GIVEN MATERIAL:
* * * *

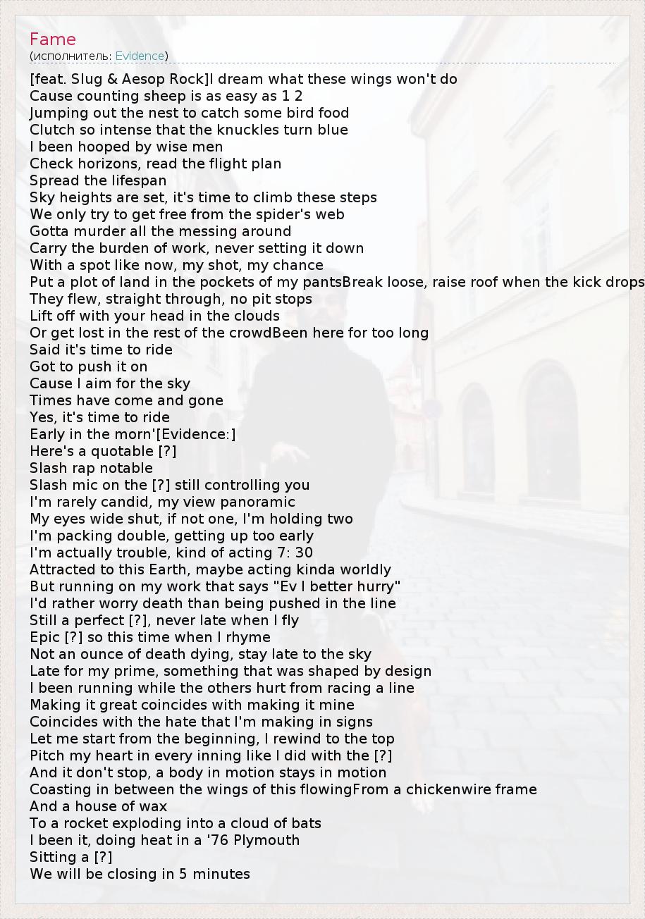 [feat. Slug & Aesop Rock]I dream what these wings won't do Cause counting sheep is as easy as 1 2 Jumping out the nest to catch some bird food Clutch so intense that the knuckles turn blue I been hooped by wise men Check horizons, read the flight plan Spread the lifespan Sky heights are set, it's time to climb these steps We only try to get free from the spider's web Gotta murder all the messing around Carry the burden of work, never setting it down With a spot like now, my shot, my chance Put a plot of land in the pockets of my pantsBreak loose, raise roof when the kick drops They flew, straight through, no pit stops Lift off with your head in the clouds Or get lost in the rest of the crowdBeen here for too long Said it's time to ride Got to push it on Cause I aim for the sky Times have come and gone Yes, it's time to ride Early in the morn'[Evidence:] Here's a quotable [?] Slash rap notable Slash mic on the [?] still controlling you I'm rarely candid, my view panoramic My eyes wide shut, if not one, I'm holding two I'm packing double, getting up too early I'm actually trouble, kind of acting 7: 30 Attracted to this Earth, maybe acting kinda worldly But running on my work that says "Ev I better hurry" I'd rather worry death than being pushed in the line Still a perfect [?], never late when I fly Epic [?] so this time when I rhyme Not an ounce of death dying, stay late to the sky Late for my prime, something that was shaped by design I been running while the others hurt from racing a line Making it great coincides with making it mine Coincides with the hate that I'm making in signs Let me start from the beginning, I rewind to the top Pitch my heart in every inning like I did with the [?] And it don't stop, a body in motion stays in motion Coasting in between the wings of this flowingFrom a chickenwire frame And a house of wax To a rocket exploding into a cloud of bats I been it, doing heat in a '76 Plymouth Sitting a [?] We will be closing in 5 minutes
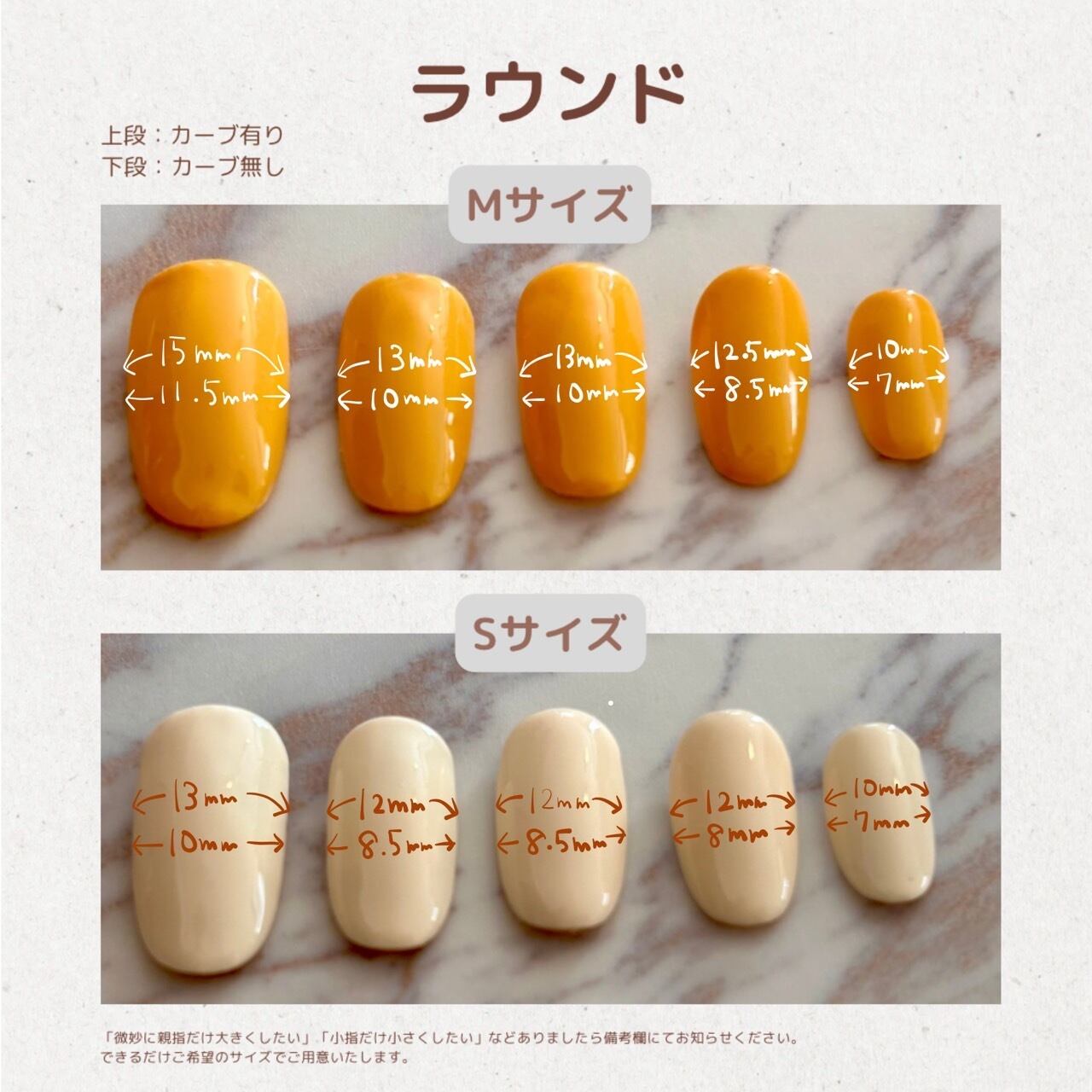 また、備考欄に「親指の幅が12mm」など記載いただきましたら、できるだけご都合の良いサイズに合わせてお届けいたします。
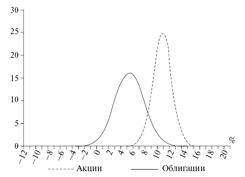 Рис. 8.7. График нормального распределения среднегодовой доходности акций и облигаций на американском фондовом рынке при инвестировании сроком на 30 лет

* * * *

WHAT IS REQUIRED: From the line containing "また、備考欄に「親指の幅が1" to the final line above, both included, transcribe every line exactly and leave all pictures out.

COMPLETED TASK:
 また、備考欄に「親指の幅が12mm」など記載いただきましたら、できるだけご都合の良いサイズに合わせてお届けいたします。
 Рис. 8.7. График нормального распределения среднегодовой доходности акций и облигаций на американском фондовом рынке при инвестировании сроком на 30 лет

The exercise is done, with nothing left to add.